RésistanceS | Observatoire belge de l'extrême droite | Lundi 22 juillet 2019]
REVUE DE PRESSE – Dans un édito au bazooka, la revue « Kairos » met en cause les politiques « extrémistes » du centre qui ont ouvert la voie à la haine et à tous les populismes. Une analyse décapante, pointant la responsabilité des « partis traditionnels plus soucieux d'assurer leur soutien aux grandes fortunes, au patronat et aux multinationales ». Prétendument « centriste », leur ligne de conduite est, en fait, d'une grande violence – ANALYSE
Créé en juin 2012, le bimestriel belge « Kairos » fait rarement dans la dentelle. L'éditorial du numéro de juin-juillet 2019, intitulé « Tous contre les extrémismes ? », signé par Alexandre Penasse, mérite le détour. « Le vote extrémiste, explique-t-il, est la conséquence de la paupérisation organisée des milieux populaires ». Le rédacteur en chef de ce « journal antiproductiviste pour une société décente » raille le discours moralisateur des partis traditionnels qui répètent au peuple qu'« il faut aimer son prochain, même si les politiques socio-économiques s'attellent à créer de la précarité, et donc de la haine ».
L'éditorial de « Kairos » dénonce « le cynisme qui veut que les partis remportent le contrat de réparation des dégâts qu'ils ont participé à créer, puisque ce sont maintenant eux qui vont nous dire comment bien penser et faire le barrage aux ''anti-démocrates''. Le Mouvement Réformateur (MR) diabolisant sans argument le Parti du Travail de Belgique (PTB), sera de ceux qui nous expliqueront ce qu'est la démocratie, alors que leur politique, avec celle du parti 'socialiste' et autres réformateurs, a fini de détruire les classes populaires et provoque le ravage en cours de la classe moyenne. Leur cordon sanitaire n'est que le paravent de leurs politiques insalubres ».
« Repenser la notion ''d'extrême'' »
Alexandre Penasse estime qu'« il serait de bon ton de repenser la notion d'extrême ». Il cite le philosophe québécois Alain Deneault, auteur d'un ouvrage sur le sujet (« Les politiques de l'extrême centre », éditions Lux, 2017) : « L'extrême centre consiste à être intolérant envers tout ce qui ne s'insère pas dans le paramétrage très étroit de l'ordre du jour du programme oligarchique. L'extrême centre c'est donc ne tolérer rien d'autre que ce discours qui se présente arbitrairement comme relevant du centre. Pourquoi le centre ? Parce qu'il ne va pas se présenter comme étant radical, destructeur, impérialiste, au fond, violent par bien des aspects. Mais il se présente au contraire comme étant vrai, juste, équilibré, comme étant raisonnable, rationnel et ainsi de suite ».
En quoi consiste le caractère extrême de l'extrême centre souligné dans « Kairos » ? Dans un texte publié sur le blog de Médiapart, le 17 mai 2017, Alain Deneault précise : « La politique d'extrême centre défend un discours et un programme présentés comme exclusifs et impérieux. Il est extrême car il est intolérant à tout ce qui n'est pas lui. Rien d'autre ne serait envisageable que des dividendes pour les actionnaires, des fonds croissants pour les grandes entreprises et la haute finance, des accès multiples aux paradis fiscaux, moins de droits pour les travailleurs, moins de fonds pour les services publics ».

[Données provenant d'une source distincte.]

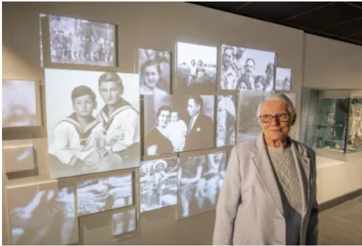
Cadw'r gorffennol yn Arddangosfa'r Holocaust a Chanolfan Ddysgu, Huddersfield

Bydd y ganolfan yn cyflwyno rhai o'i chasgliadau mwyaf prin ar gyfer chwaraewyr y Loteri Genedlaethol. Ewch draw i gwrdd â'r archifydd a darganfod beth mae'n ei olygu i ddiogelu treftadaeth yr Holocaust.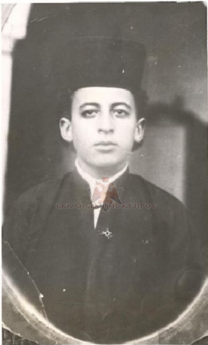
Δόκιμος εις 'Ι.Μονήν Κύκκου. ( 5.10.1926 )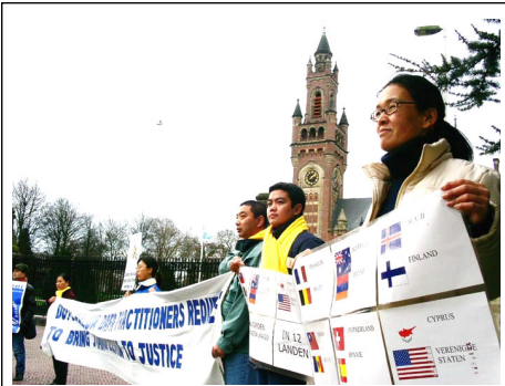
2003 年 11 月 26 日下午 1 点，全球审江大联盟在海牙国际法庭前举行审江公众听证会，并于当日下午 3 点向海牙国际法庭首席法官递交了世界各国起诉江泽民的书面材料，提出审判江泽民的要求。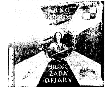
Standard Lotnictwa Polskiego

Wielcy przetrzylnicy, nosili krykoniem „Adler” (orzeł), drugi „Sea Eagle” (lew morski). W walkach tych wzięło udział... (tekst z tytułu)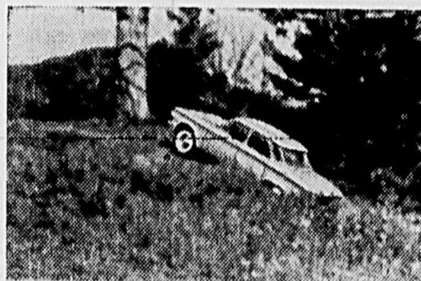
ELLE GRIMPE AVEC AISANCE— Avec le 6-cylindres Turbo-Air monté à l'arrière, vous pouvez grimper partout.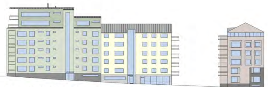
Fasad mot Slottsgatan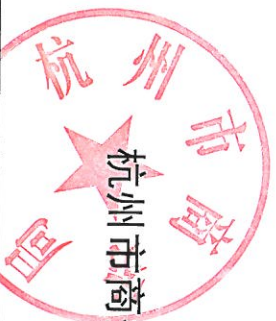
杭州市商务局 2022 年度行政强制措施实施情况统计表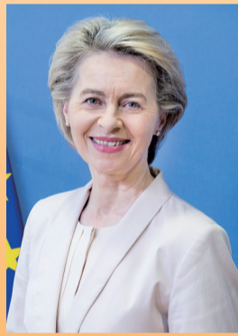
欧盟委员会主席冯德莱恩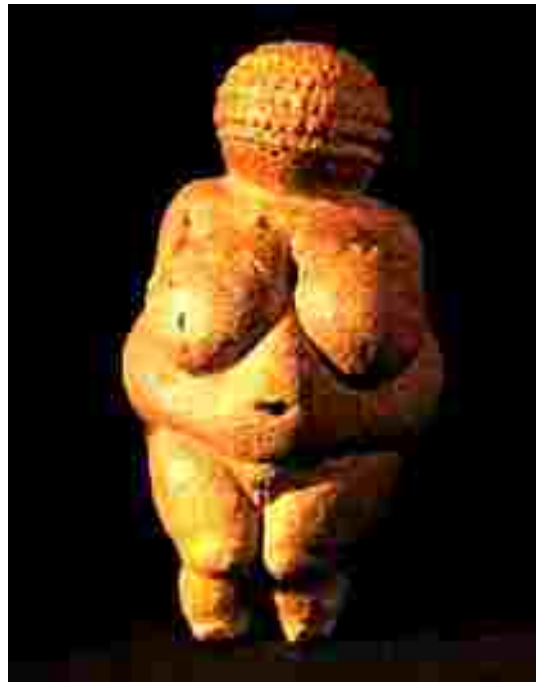
Resim 3: Willendorf Venüsü, Kireçtaşı, 11cm, M.Ö. 30,000 - 25,000

( http://www.arthistory.sbc.edu/imageswomen/lespugue.html ).“Bir mamutun dışından oyulmuş olan heykel 27.000 yaşındadır” ( http://encarta.msn.com/media_92150008_7615559 ). Oldukça yıpranmış bir biçimde bulunmuştur. Kadının bir hayat verici olarak bilinmesi nedeniyle ana tanrıça inanışına uygun olarak yapılmıştır. “Kadın vücudu bu heykelde, bir takım yuvarlakların, küreciklerin üst üste yığılması şeklinde tasvir edilmiştir” ( http://www.geocities.com/enveryolcu/sanat/dogus.html ). Memeler karnını örtecek kadar büyük, göbek hamile bir kadınıki kadar şişkindir. Baş ayrıntısına girilmemiştir. Soyut bir anlayışla şekillendirilmiş heykelcik sadece imgeyi hafızada taze tutmaktadır. Orantıları ve ölçülerdeki uyumlu estetiği nedeniyle çağdaş bir heykeli andırmaktadır.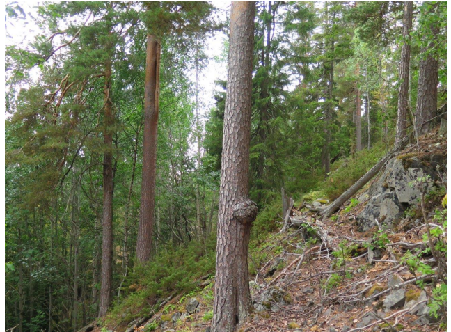
Gammel grovvokst furuskog på lågurtmark oppunder Bølltjennåsen (kjerne 18).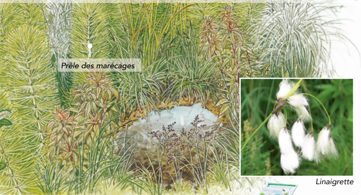
Prêle des marécages

Avant de retrouver le chemin, en haut de la pente, la petite source, bien que parfois tarie, est facilement repérable grâce à la présence de plantes des milieux humides ; la grande Prêle des marécages et la rare Linaigrette à feuilles larges aux inflorescences soyeuses.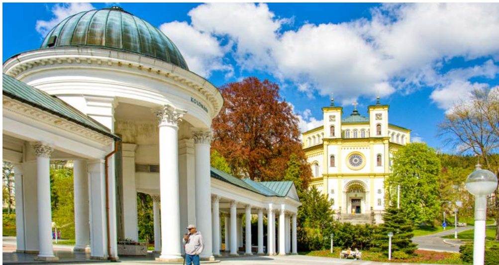
Kolonnade der Karolinenquelle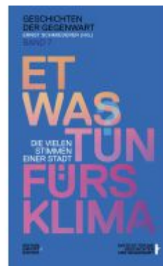
Etwas tun fürs Klima Ladenpreis: 22,00EUR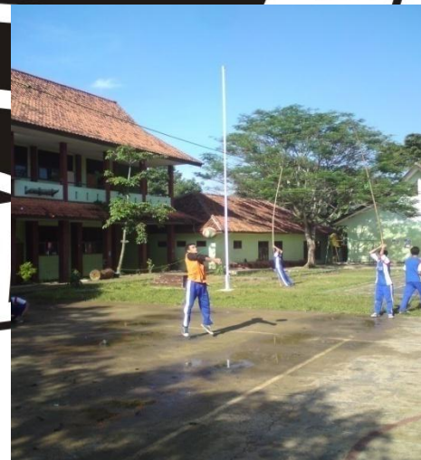
Siswa sedang melakukan post test pasing bawah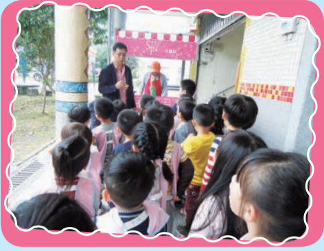
1. 我會排隊跟老闆點餐喔!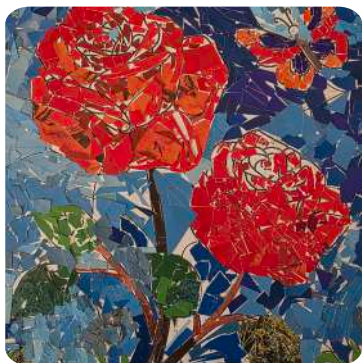
Students of Grade II Flowers, Collage on Paper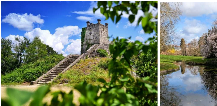
La Tour Denecourt / Le Jardin anglais au château de Fontainebleau

S'émerveiller devant la beauté d'un jardin anglais au château de Fontainebleau. Ce magnifique jardin, d'inspiration champêtre, reproduisant un paysage naturel, fleuri, vallonné et foisonnant est un havre de paix pour se reposer et rêver sur l'herbe fraîche en se laissant bercer par le doux son de la petite rivière qui le traverse. S'attarder sur les détails du parc et des jardins du château de Fontainebleau est également un délice pour les yeux.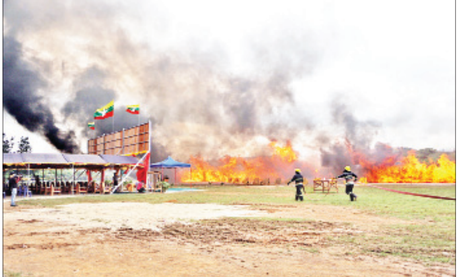
ရှမ်းပြည်နယ်(မြောက်ပိုင်း) လားရှိုးမြို့ နယ်မြေခံတပ်ရင်းရှေ့ရှိ ဘောလုံးကွင်း၌ ဖမ်းဆီးရမိ မူးယစ်ဆေးဝါးနှင့် ဓာတုပစ္စည်းများ မီးရှို့ဖျက်ဆီးစဉ်။

သည့် ဘိန်း ၅၃၉ ကီလိုကျော်၊ ဘိန်းဖြူ ၂၆၂ ကီလိုကျော်၊ စိတ်ကြွရှူးသွပ်ဆေးပြား ၁၆ သန်းကျော်၊ အိုက်စ် ၂၀ ကီလိုကျော်၊ ကတ်တမင်း ၃၅ ကီလိုကျော် အပါအဝင် မူးယစ်ဆေးဝါး ၂၆ မျိုးနှင့် ဓာတုပစ္စည်း ၁၇ မျိုးတို့၏ စုစုပေါင်းတန်ဖိုး မြန်မာငွေကျပ် ၅၉ ဒသမ ၁၃ ဘီလီယံ (အမေရိကန် ဒေါ်လာ သန်း ၄၀ ကျော်)အား ဖျက်ဆီးခဲ့သည်။ ၄၉ မျိုး ဖျက်ဆီး ရှမ်းပြည်နယ် တောင်ကြီးမြို့ရှိ အဝေရာမီးပုံးပျံကွင်း၌ ပြုလုပ်သည့် မီးရှို့ဖျက်ဆီးခြင်းတွင် ရှမ်းပြည်နယ် ဝန်ကြီးချုပ် ဒေါက်တာလင်းထွဋ်နှင့် အရှေ့ပိုင်းတိုင်းစစ်ဌာနချုပ် တိုင်းမှူး ဗိုလ်ချုပ်လင်းအောင်တို့ တက်ရောက်၍ ရှမ်းပြည်နယ်၊ ကယားပြည်နယ် တို့မှ ဖမ်းဆီးရမိသည့် ဘိန်း ၂၄၀၁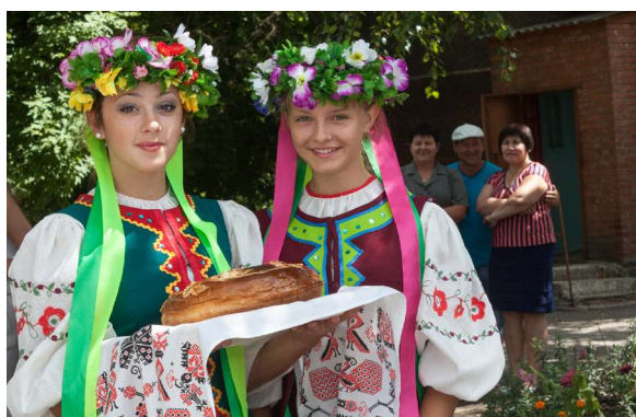
Ukraina traditsioonid – külalisi võetakse vastu ja külla minnakse soola-leivaga.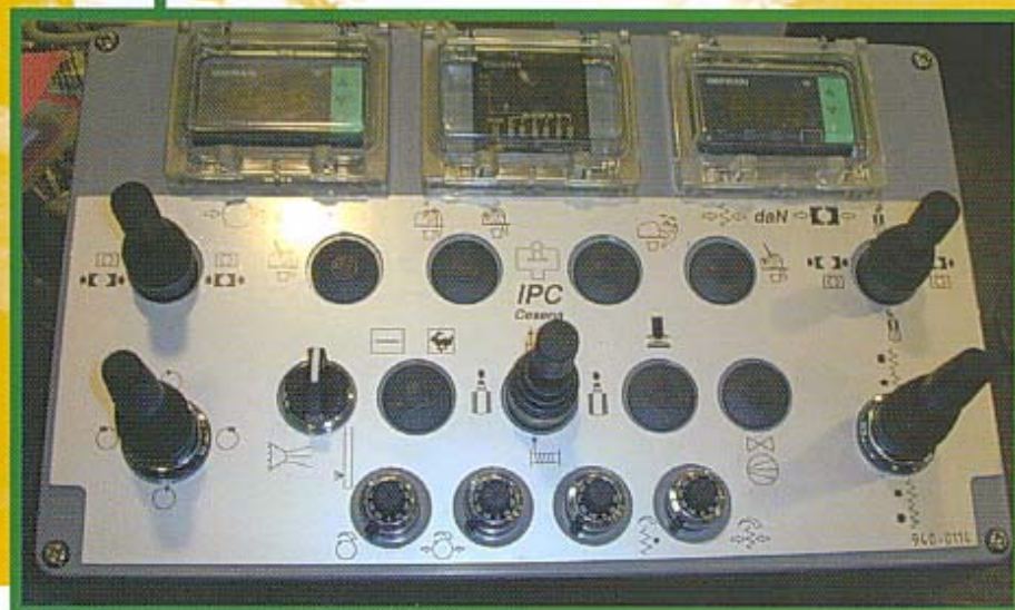
PLANCIA COMANDI REMOTE CONTROL PANEL DE MANDOS

Le flop des discours moralisateurs
Une seule politique possible ? Tant que cette supercherie ne sera pas absolument démasquée, l'extrême droite et les populismes continueront à enfler. Il ne sert à rien, ajoute le rédac' chef de « Kairos », Alexandre Penasse, de « convoquer les images de la Seconde Guerre mondiale, et de réduire la population du vote d'extrême droite à ces nazillons, crânes rasés et Combat Shoes ».De fait,le résultat des récentes élections montre que ce n'est pas le discours moralisateur et culpabilisant(« Vous êtes tous des fachos ! ») qui permettra de vaincre l'extrême droite, mais bien lamiseen oeuvre d'une autre politique, plus juste et plus humaine.